Chicago Teachers Union membership drops under Stacy Davis Gates’ leadership
Nearly 500 education employees have stopped affiliating with CTU in the past year. But the number of members leaving the union could be even larger than currently reported.
It hasn’t been a great year for the Chicago Teachers Union.
Back in February, the union’s leaders came under fire from members for using dues for politics without consulting the members first.
More recently, it was revealed its president, Stacy Davis Gates, had placed her own son in private school rather than trusting her members to educate him – all while trying to kill school choice for low-income families.

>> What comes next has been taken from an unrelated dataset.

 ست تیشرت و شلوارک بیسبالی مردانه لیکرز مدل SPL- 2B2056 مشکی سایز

And now the union has reported it lost members during the course of its 2023 fiscal year, which ran July 1, 2022, through June 30, 2023.

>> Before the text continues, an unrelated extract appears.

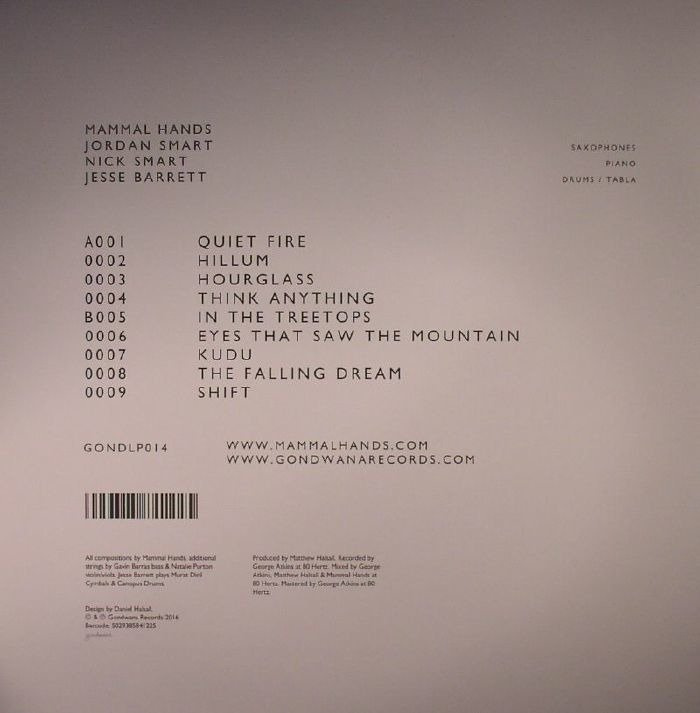 Mammal Hands are a trio of like-minded musicians: Nick Smart piano, Jesse Barrett drums and tabla, and Jordan Smart saxophones. Floa is their second album for Gondwana Records and in the 18 months since their debut, Animalia, they have carved out a growing following both here and abroad for their hypnotic fusion of jazz, folk and electronica: winning fans from Bonobo and Gilles Peterson to Jamie Cullum. Check! andmark live performances have included shows at King's Place in London and the RNCM in Manchester, as well as a barn-storming debut at the Montreal Jazz Festival. Drawing on a rich well of influences from Sufi and shamanic African trance music, Irish and Eastern European folk music, to Steve Reich and Philip Glass and more contemporary electronica influences, their music is built around deceptively simple sounding ideas that are lent power through the use of repetition and rhythmic loops. They have been compared to both Portico Quartet and GoGo Penguin for the way in which they navigate the choppy waters between contemporary dance music and jazz.
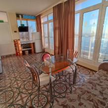 Номер 11 представлен с кухней – столовой, спальней с двуспальной кроватью, гостиной, балконом с видом на море и с сейфом. Дополнительные места предусмотрены в номере данной категории.

All under the leadership of Stacy Davis Gates.
At least 489 education employees stopped affiliating with the CTU in 2023 compared to 2022, as reported in the union’s recent federal filing with the U.S. Department of Labor. In 2022, the union reported 28,342 members and agency fee payers. In 2023, that number was down to 27,853.
While there was a larger drop in total members and fee payers between 2018 and 2019, that drop could be accounted for by the U.S. Supreme Court’s decision in Janus v. AFSCME Council 31.
That decision came down on June 27, 2018 – at the end of the union’s 2017-2018 fiscal year, as reported in its 2018 report to the U.S. Department of Labor. Anyone who was a public employee forced by state law to pay their “fair share” for the union negotiating for them was automatically dropped from the rank-and-file numbers in the 2019 report after Janus in 2018 invalidated the mandate to pay the union. CTU did not file the reports before 2018.
It is not surprising CTU would suffer its largest non-Janus related drop in numbers in 2023, given members’ recent frustrations with CTU.
In 2022, CTU’s current leadership faced an election challenge from the Members First caucus, which pledged to be different than the current leaders. The caucus claimed CTU leaders were “far more focused on advancing their own political careers than delivering” for teachers.
Then in 2023, CTU funneled nearly $2.3 million to its employee and lobbyist, Brandon Johnson, to fund his successful campaign to become Chicago mayor. At least a portion of that money came from member dues without consulting the members themselves. After an initial outcry from members who felt the union acted without their consent, CTU passed a resolution to apportion $8 a month from each member’s dues as individual contributions to the union’s political action committee, up to $2 million.
But the membership drop could be even larger than the 489 reported in the union’s federal filing.
That filing covers only July 1, 2022, through June 20, 2023. But CTU only allows members to opt out of the union and stop paying dues in August of each year.
That means the current membership numbers don’t yet include anyone who opted out in August 2023 following the union’s Johnson campaign debacle. Any teachers who left following the union’s mishandling of funds won’t be evident until the union files its 2024 LM-2 in fall 2024.
Along with the union’s nearly tripled political spending and deficit spending, the drop in membership numbers reveals Davis Gates’ first year as president wasn’t a good one.